**Data segment**
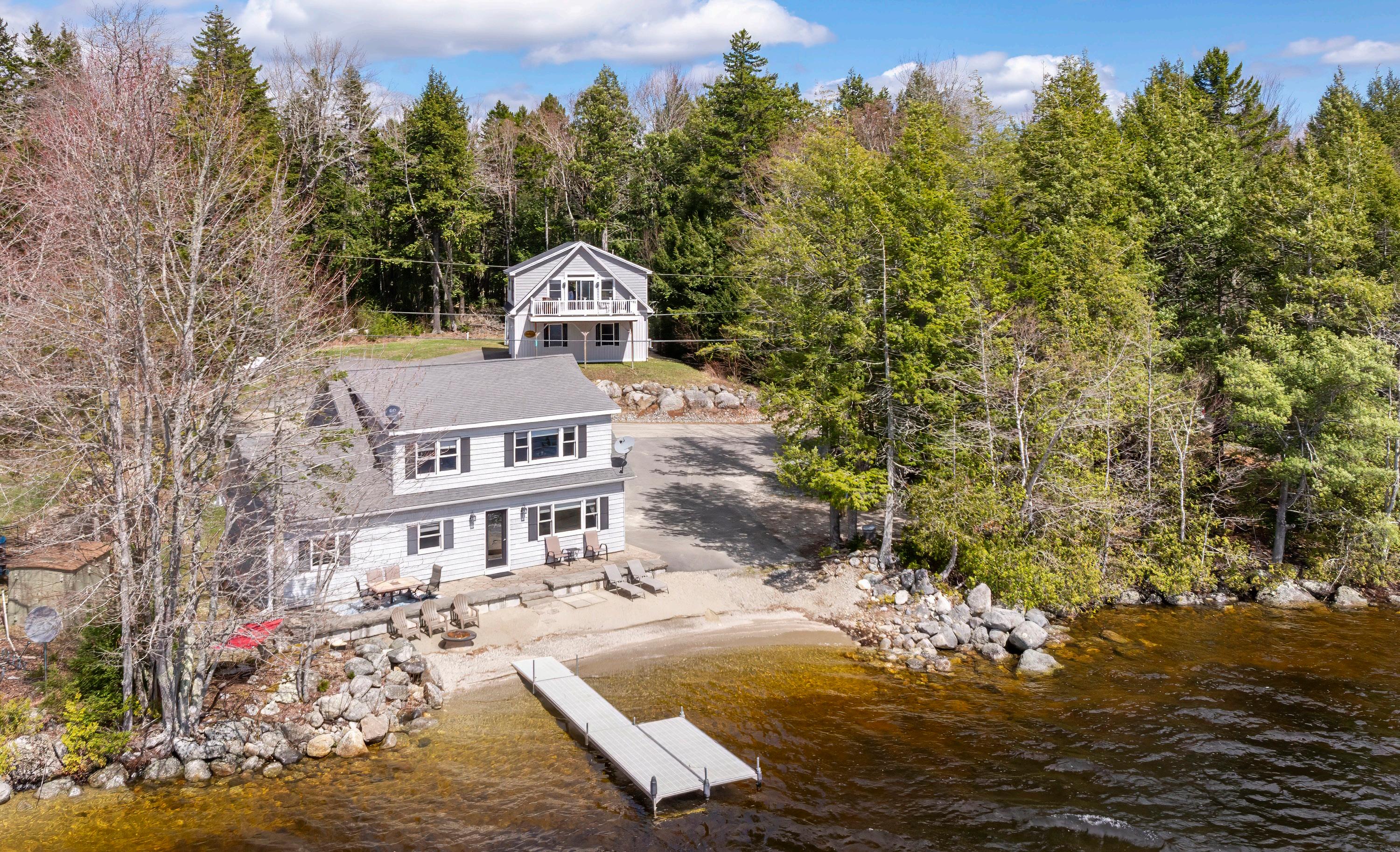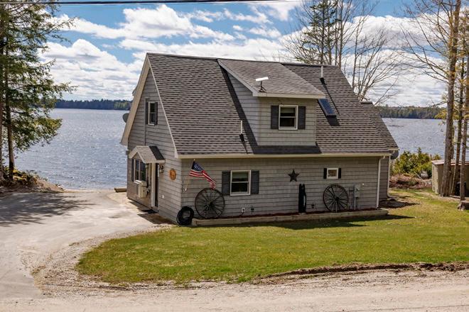 Welcome to Molasses Pond, a 1280-acre pond with an island. Waters Edge is a 4 BR / 2 BA custom-built and well-maintained home within 50 feet of the Pond with its own private, sandy beach. Enjoy the beautiful sunsets and watch the eagles as you relax in this fully furnished home which is great for entertaining or generating income as a rental. The oversized primary bedroom overlooks the pond so you can lay in bed and look out over the water, falling asleep to the sound of the waves lapping at the shore or the loons serenading. Granite countertops grace the kitchen and bathrooms; pine walls and custom trim are accented by rustic farmhouse decor and antiques. Builder spared no expense on the finishing of this gorgeous gem but what sets it apart is the close proximity to the water and the sandy beach! Included is a 2-car garage and studio apartment—the Overlook—which has a 5-star rental rating and established rental history, Named the Overlook because of the beautiful view through the sliding doors leading onto a second story deck. New automatic generators and heat pumps installed for both the house and studio apartment/garage and new boiler for the house. The properties are turnkey and ready for renting or enjoying. This property is a must-see!
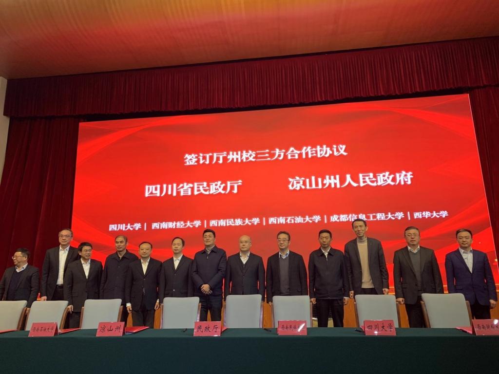 馬驍一行在昭覺縣參加了涼山州異地扶貧搬遷集中安置點(diǎn)治理發(fā)展推進(jìn)會,并參與“彝路相伴”廳州校三方合作協(xié)議的簽訂儀式。省委常委、組織部部長王正譜,省政協(xié)副主席、涼山州委書記林書成,省民政廳黨組書記、廳長益西達(dá)瓦,省教育廳黨組書記、廳長李江以及四川大學(xué)等兄弟高校的負(fù)責(zé)人出席。
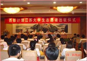 2003年8月23日上午,團(tuán)省委、省教育廳、省財(cái)政廳、省人事廳聯(lián)合舉行江蘇大學(xué)生志愿服務(wù)西部計(jì)劃出征儀式,歡送我省415名大學(xué)生志愿者赴陜西、廣西、云南三省區(qū)貧困地區(qū)鄉(xiāng)鎮(zhèn)基層從事為期1—2年的教育、衛(wèi)生、農(nóng)技、扶貧等方面的志愿服務(wù)。省委副書記馮敏剛,省委常委、組織部長徐國健,副省長吳瑞林出席了儀式。

**Activity**
Without any of its pictures, the listing is to be repeated exactly as it stands.

**Result of the task**
 Welcome to Molasses Pond, a 1280-acre pond with an island. Waters Edge is a 4 BR / 2 BA custom-built and well-maintained home within 50 feet of the Pond with its own private, sandy beach. Enjoy the beautiful sunsets and watch the eagles as you relax in this fully furnished home which is great for entertaining or generating income as a rental. The oversized primary bedroom overlooks the pond so you can lay in bed and look out over the water, falling asleep to the sound of the waves lapping at the shore or the loons serenading. Granite countertops grace the kitchen and bathrooms; pine walls and custom trim are accented by rustic farmhouse decor and antiques. Builder spared no expense on the finishing of this gorgeous gem but what sets it apart is the close proximity to the water and the sandy beach! Included is a 2-car garage and studio apartment—the Overlook—which has a 5-star rental rating and established rental history, Named the Overlook because of the beautiful view through the sliding doors leading onto a second story deck. New automatic generators and heat pumps installed for both the house and studio apartment/garage and new boiler for the house. The properties are turnkey and ready for renting or enjoying. This property is a must-see!
 馬驍一行在昭覺縣參加了涼山州異地扶貧搬遷集中安置點(diǎn)治理發(fā)展推進(jìn)會,并參與“彝路相伴”廳州校三方合作協(xié)議的簽訂儀式。省委常委、組織部部長王正譜,省政協(xié)副主席、涼山州委書記林書成,省民政廳黨組書記、廳長益西達(dá)瓦,省教育廳黨組書記、廳長李江以及四川大學(xué)等兄弟高校的負(fù)責(zé)人出席。
 2003年8月23日上午,團(tuán)省委、省教育廳、省財(cái)政廳、省人事廳聯(lián)合舉行江蘇大學(xué)生志愿服務(wù)西部計(jì)劃出征儀式,歡送我省415名大學(xué)生志愿者赴陜西、廣西、云南三省區(qū)貧困地區(qū)鄉(xiāng)鎮(zhèn)基層從事為期1—2年的教育、衛(wèi)生、農(nóng)技、扶貧等方面的志愿服務(wù)。省委副書記馮敏剛,省委常委、組織部長徐國健,副省長吳瑞林出席了儀式。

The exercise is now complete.